> **Description of the task**
Extract, exactly as written, the line that contains "9-12-18-24 Ay Pohh" and all lines after it through the end of the records. Omit pictures.

> **Recorded information**

_ _ _

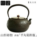 日本製 山形鋳物 長文堂 鋳物師 長谷川 長文 平丸菊鉄瓶 2.1L IH対応 直火対応 山形 高岡銅器 高岡鉄瓶 南部鉄器 南部鉄瓶 IRON やかん ケトル プレゼント
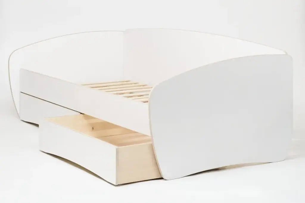 A dog is man’s best friend? No, sleep is! Bed Soffi, with its undulating lines, is made for first-class sleep. Don’t worry. It’s wide enough to accommodate your dog. Or a companion yearning for relaxing sleep.Under the bed on strong wheels two bed boxes with a depth of 60 cm. Made of 18 mm white laminated birch plywood, mattress size 90×200 cm. Includes the slatted bed frame made of plywood. The height of the front edge of the Soffi bed is 40 cm, the height of the bed base is 31 cm, the height of the back wall is 70 cm. A suitable mattress is 15-20 cm high.
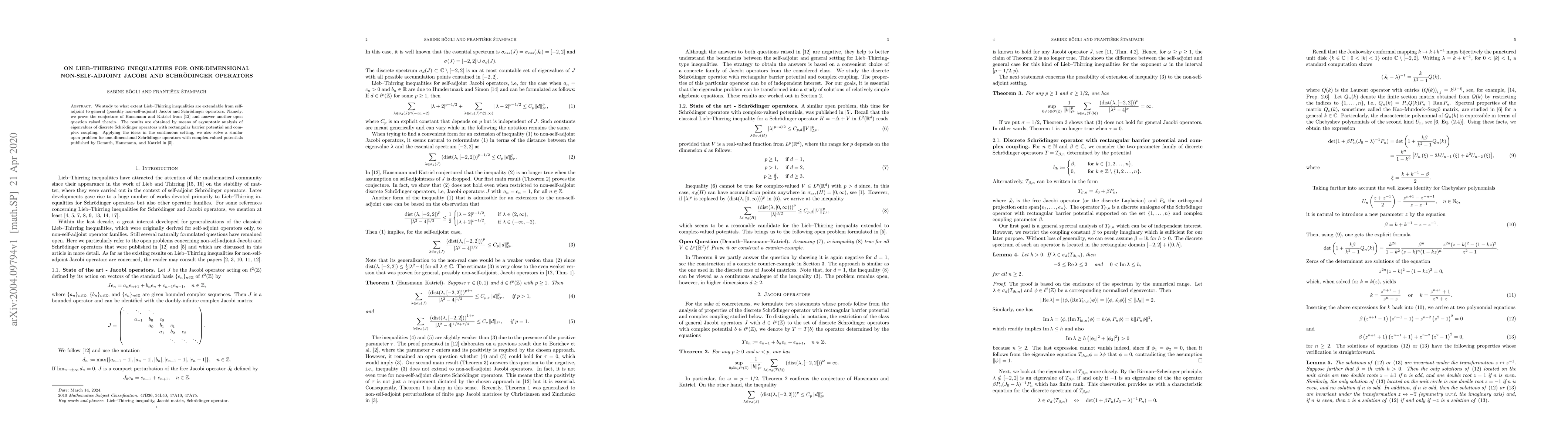 We study to what extent Lieb--Thirring inequalities are extendable from self-adjoint to general (possibly non-self-adjoint) Jacobi and Schr\"{o}dinger operators. Namely, we prove the conjecture of Hansmann and Katriel from [Complex Anal. Oper. Theory 5, No. 1 (2011), 197-218] and answer another open question raised therein. The results are obtained by means of asymptotic analysis of eigenvalues of discrete Schr\"{o}dinger operators with rectangular barrier potential and complex coupling. Applying the ideas in the continuous setting, we also solve a similar open problem for one-dimensional Schr\"{o}dinger operators with complex-valued potentials published by Demuth, Hansmann, and Katriel in [Integral Equations Operator Theory 75, No. 1 (2013), 1-5].
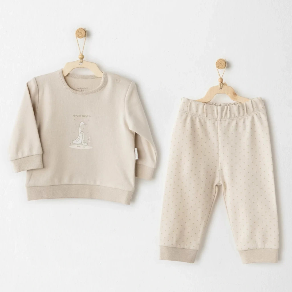 9-12-18-24 Ay Pohh Desenli Uzun Kollu Sweat 2Li Kız Erkek Bebek Takımı Krem
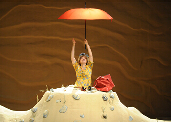 故事发生在一个前无古人后无来者的荒芜之地,主人翁温妮被沙土埋至腰身,她井井有条地借助她的生活必需品,牙刷,牙膏,眼镜,药品,伞,在一个无法行动的状态下乐观地安排着自己美好的日子,在她精神摇摆之时,她举起自己的手枪却选择快乐着继续下去。在这长日无尽的世界里,只有闹铃帮她来划清睡觉与苏醒的界限,与她厮守到最后的是与她无言以对的威力,在明灭灯吹之际,记忆中的华尔兹再次在二人耳边响起。
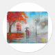 Sticker Rond Jour pluvieux automne rouge bus peinture parapluie
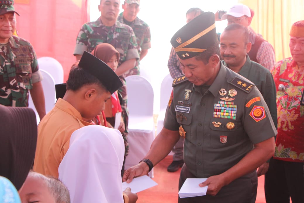 “Selain membantu pembangunan infrastruktur seperti peningkatan jalan, kami juga memberikan bantuan sosial untuk anak-anak yatim di lokasi TMMD ini,” kata Mayjen TNI Novi Helmy Prasetya, Jumat (9/8).
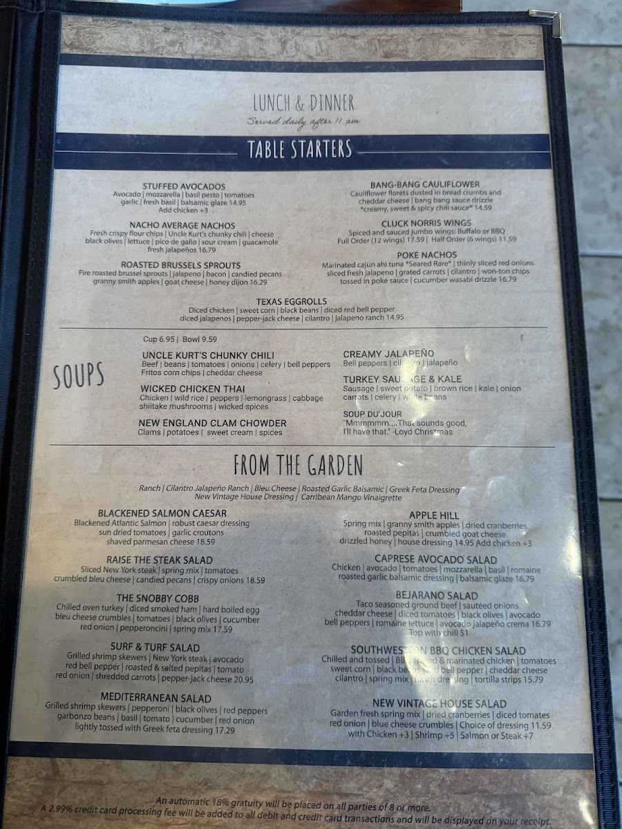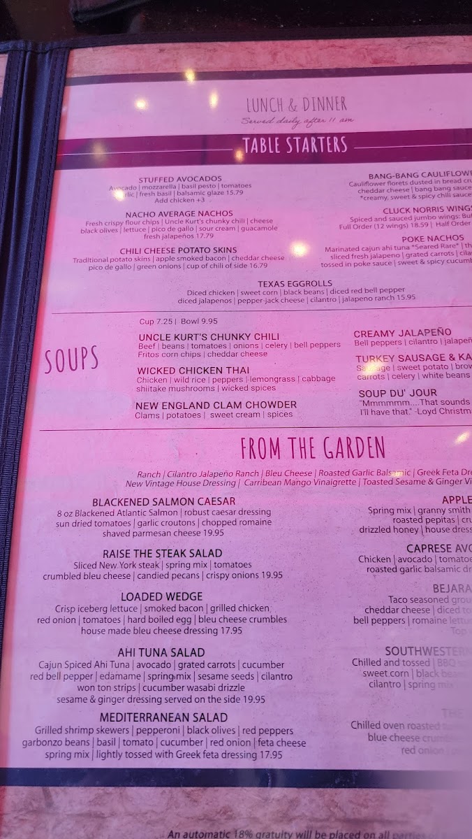Don't miss their award-winning soups, including the Turkey Sausage And Kale Soup and Wicked Chicken Thai Soup, perfect for a cozy meal. Pizza lovers will be thrilled with choices like The Godfather and Mom's Veggie Pesto, each crafted with fresh ingredients. Customers rave about large portions and reasonable prices, making it an ideal spot for gatherings. With friendly service and a vibrant atmosphere, New Vintage Grill is a must-visit for food enthusiasts!

_ _ _

> **Task output**
 9-12-18-24 Ay Pohh Desenli Uzun Kollu Sweat 2Li Kız Erkek Bebek Takımı Krem
 故事发生在一个前无古人后无来者的荒芜之地,主人翁温妮被沙土埋至腰身,她井井有条地借助她的生活必需品,牙刷,牙膏,眼镜,药品,伞,在一个无法行动的状态下乐观地安排着自己美好的日子,在她精神摇摆之时,她举起自己的手枪却选择快乐着继续下去。在这长日无尽的世界里,只有闹铃帮她来划清睡觉与苏醒的界限,与她厮守到最后的是与她无言以对的威力,在明灭灯吹之际,记忆中的华尔兹再次在二人耳边响起。
 Sticker Rond Jour pluvieux automne rouge bus peinture parapluie
 “Selain membantu pembangunan infrastruktur seperti peningkatan jalan, kami juga memberikan bantuan sosial untuk anak-anak yatim di lokasi TMMD ini,” kata Mayjen TNI Novi Helmy Prasetya, Jumat (9/8).
Don't miss their award-winning soups, including the Turkey Sausage And Kale Soup and Wicked Chicken Thai Soup, perfect for a cozy meal. Pizza lovers will be thrilled with choices like The Godfather and Mom's Veggie Pesto, each crafted with fresh ingredients. Customers rave about large portions and reasonable prices, making it an ideal spot for gatherings. With friendly service and a vibrant atmosphere, New Vintage Grill is a must-visit for food enthusiasts!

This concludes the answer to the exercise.